Traditional analysis might review each entity’s financials separately. AI can simultaneously process:
Transaction flows across multiple related entities
Timing patterns in asset transfers and markdowns
Discrepancies between stated asset values and subsequent write-downs
Revenue concentration patterns that suggest entities exist primarily for accounting purposes
Historical patterns in similar alleged schemes
The sophistication required to track loans being sold at one value, then marked down by a related party, across multiple quarters and multiple entities, is substantial. This is computational detective work—exactly what AI systems are increasingly capable of performing.
The Market’s Split Decision
Institutional investors appear divided. Despite the accounting allegations:
JPMorgan maintains an Overweight rating with a $510 price target
Wells Fargo set a $525 price target
The underlying business metrics remain strong: $2.1 billion in cash, $1.2 billion in debt reduction, and operational improvements including same/next-day delivery for 40% of sales
Yet the stock trades around $414—below both recent highs of $486 and analyst targets above $500.
What This Means for Investors
The Carvana situation illustrates a new dynamic in financial markets. We’re entering an era where:
AI as Watchdog: Sophisticated analysis tools can now process the complex web of related-party transactions, timing patterns, and accounting flows that might indicate irregularities.
Speed vs. Depth: Markets receive allegations faster than they can be fully investigated. The SEC subpoena confirms regulatory scrutiny, but resolution will take time.
The Valuation Paradox: Strong operational performance (55% revenue growth, improved EBITDA margins) can coexist with serious questions about how that performance is being accounted for.
Investment Implications
For risk-tolerant investors, Carvana presents an unusually binary outcome:
If the accounting clears: The stock could quickly recover toward analyst targets above $500, representing 20%+ upside.
If irregularities are confirmed: Substantial downside remains, with potential delisting risk depending on severity.
At approximately 90 times trailing earnings and with unresolved SEC scrutiny, this is emphatically not a position for conservative fiduciary-managed portfolios.
The Broader Message
The more important story transcends Carvana. My conversation with the deception analysis expert highlighted something profound: AI is becoming an increasingly powerful tool for analyzing corporate disclosures, and the results are sometimes revealing uncomfortable truths.

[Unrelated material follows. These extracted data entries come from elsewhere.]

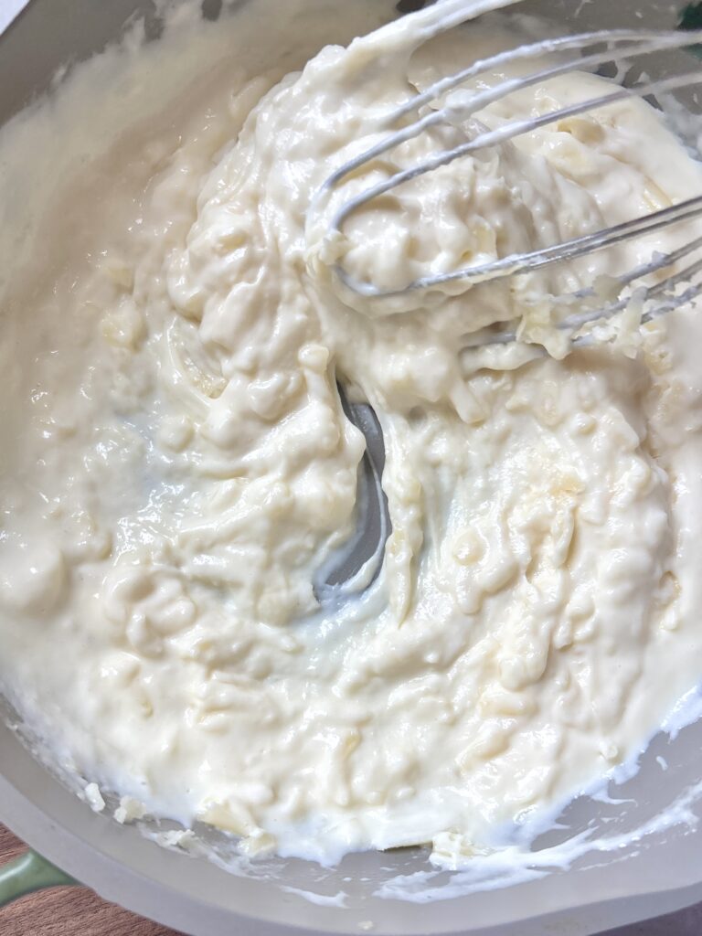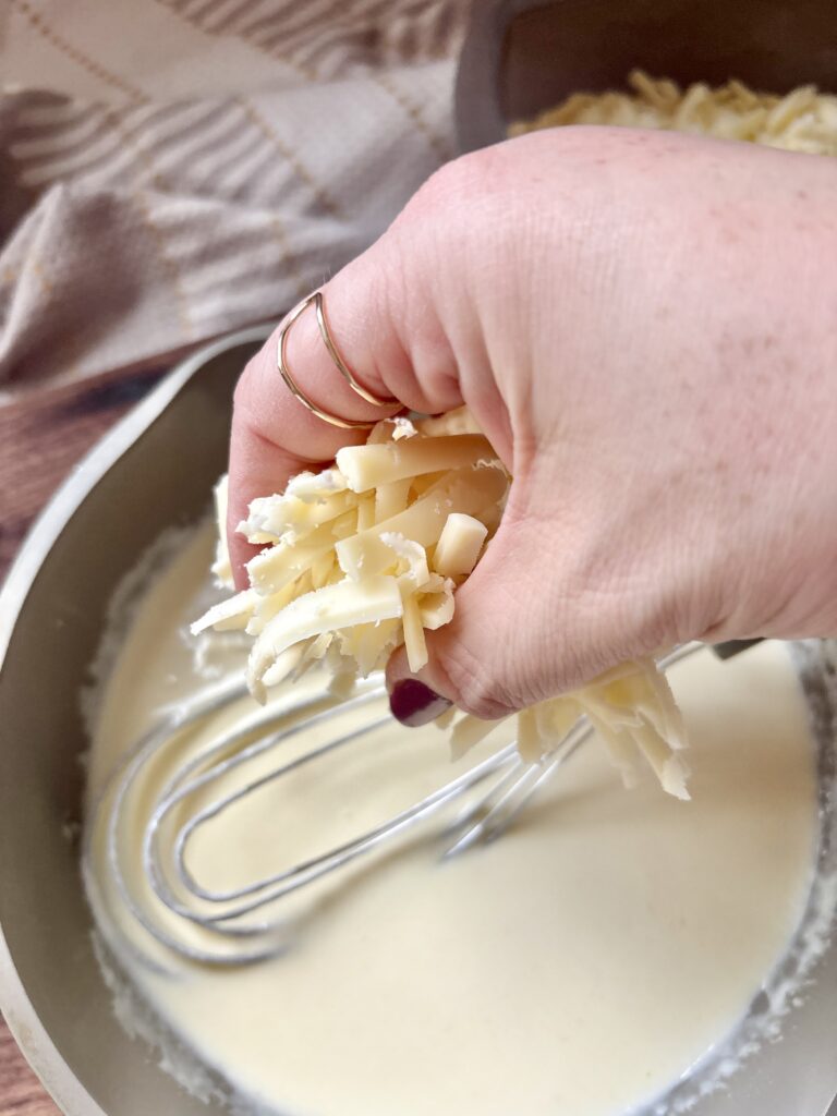 - Remove from heat. Add the cheeses gradually, stirring until fully melted and smooth.
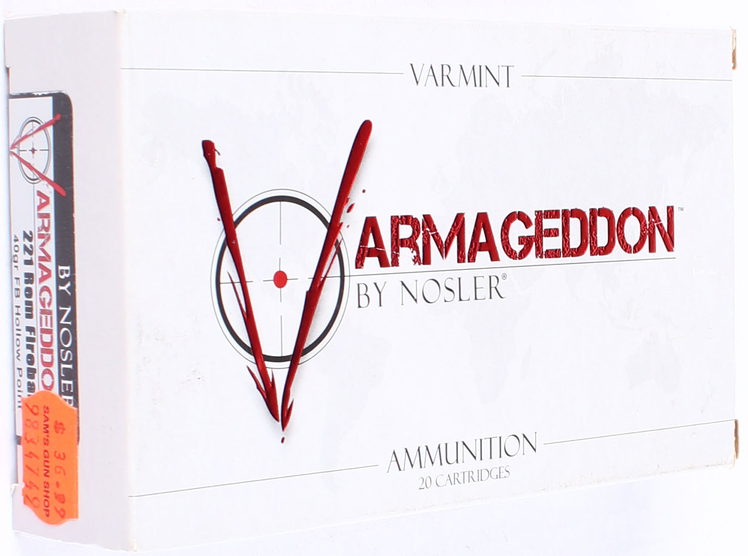 Nosler, Armageddon, .221 Remington Fireball, 40 Grain FB HP, Full, 1pc. multi-colored box, box is solid, Ammo is excellent. Grade: MINT - Value: 20 to 40
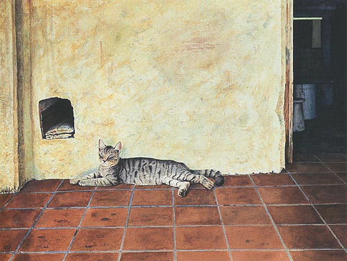 Helga's Cat Card of an original Drew Strouble cat art watercolor painting of a Gray Tabby Cat in tribute to Andrew Wyeth. Fine Art Greeting Card. Hand mounted Art Print on 5" x 7" white card. Blank inside. Matching envelope and clear protective packet included.

As these AI systems become more sophisticated and widely deployed, we may see:
Earlier detection of accounting irregularities
More frequent challenges to complex related-party arrangements
Increased scrutiny of companies with intricate corporate structures
A new arms race between creative accounting and AI-assisted detection
For investors with five decades of market experience like myself, this represents a genuinely new development. The tools for analyzing corporate truthfulness have fundamentally changed.
Conclusion
Whether Carvana ultimately proves to be a case of aggressive but legal accounting or something more serious remains to be determined. The SEC investigation will provide answers—eventually.

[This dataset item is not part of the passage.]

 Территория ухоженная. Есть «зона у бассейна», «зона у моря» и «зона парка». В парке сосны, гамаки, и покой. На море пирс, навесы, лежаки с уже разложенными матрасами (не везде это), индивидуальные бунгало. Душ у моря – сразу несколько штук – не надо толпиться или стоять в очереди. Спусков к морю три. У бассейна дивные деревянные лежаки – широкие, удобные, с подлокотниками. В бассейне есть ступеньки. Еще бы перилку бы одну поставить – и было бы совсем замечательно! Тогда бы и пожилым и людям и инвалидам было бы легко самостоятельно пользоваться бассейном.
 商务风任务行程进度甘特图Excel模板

But the broader lesson is clear: AI is changing how markets police themselves. The complex web of transactions that might have gone unnoticed for years can now be mapped, analyzed, and questioned in real time.

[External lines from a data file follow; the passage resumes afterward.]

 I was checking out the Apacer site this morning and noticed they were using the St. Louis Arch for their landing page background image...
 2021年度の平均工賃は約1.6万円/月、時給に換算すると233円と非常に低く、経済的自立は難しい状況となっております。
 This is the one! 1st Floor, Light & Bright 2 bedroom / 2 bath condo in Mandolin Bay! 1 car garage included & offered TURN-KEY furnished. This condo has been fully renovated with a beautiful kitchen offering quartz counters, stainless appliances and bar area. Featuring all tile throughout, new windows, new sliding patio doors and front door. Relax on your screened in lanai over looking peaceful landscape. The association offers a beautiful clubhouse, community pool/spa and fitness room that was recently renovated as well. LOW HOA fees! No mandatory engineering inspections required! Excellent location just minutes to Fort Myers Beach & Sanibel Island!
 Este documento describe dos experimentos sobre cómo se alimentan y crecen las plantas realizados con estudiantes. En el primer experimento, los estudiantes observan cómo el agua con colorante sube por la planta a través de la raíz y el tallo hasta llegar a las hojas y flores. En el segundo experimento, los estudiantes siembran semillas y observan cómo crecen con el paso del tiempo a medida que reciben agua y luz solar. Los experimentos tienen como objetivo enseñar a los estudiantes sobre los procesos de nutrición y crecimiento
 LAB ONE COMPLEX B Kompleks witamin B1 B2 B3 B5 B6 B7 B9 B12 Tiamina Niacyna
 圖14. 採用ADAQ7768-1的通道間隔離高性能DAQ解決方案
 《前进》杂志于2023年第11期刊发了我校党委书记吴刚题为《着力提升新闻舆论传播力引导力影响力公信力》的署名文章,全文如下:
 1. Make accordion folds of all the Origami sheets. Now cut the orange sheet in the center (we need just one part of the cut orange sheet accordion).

For investors, this means heightened vigilance around companies with complex related-party structures—and recognition that the tools for uncovering deception are evolving faster than the methods for creating it.
Disclosure: This analysis is for informational purposes only and should not be considered investment advice. The author writes the Weekly Global Market Navigator and other investment publications. Investors should conduct their own due diligence and consult with financial advisors before making investment decisions.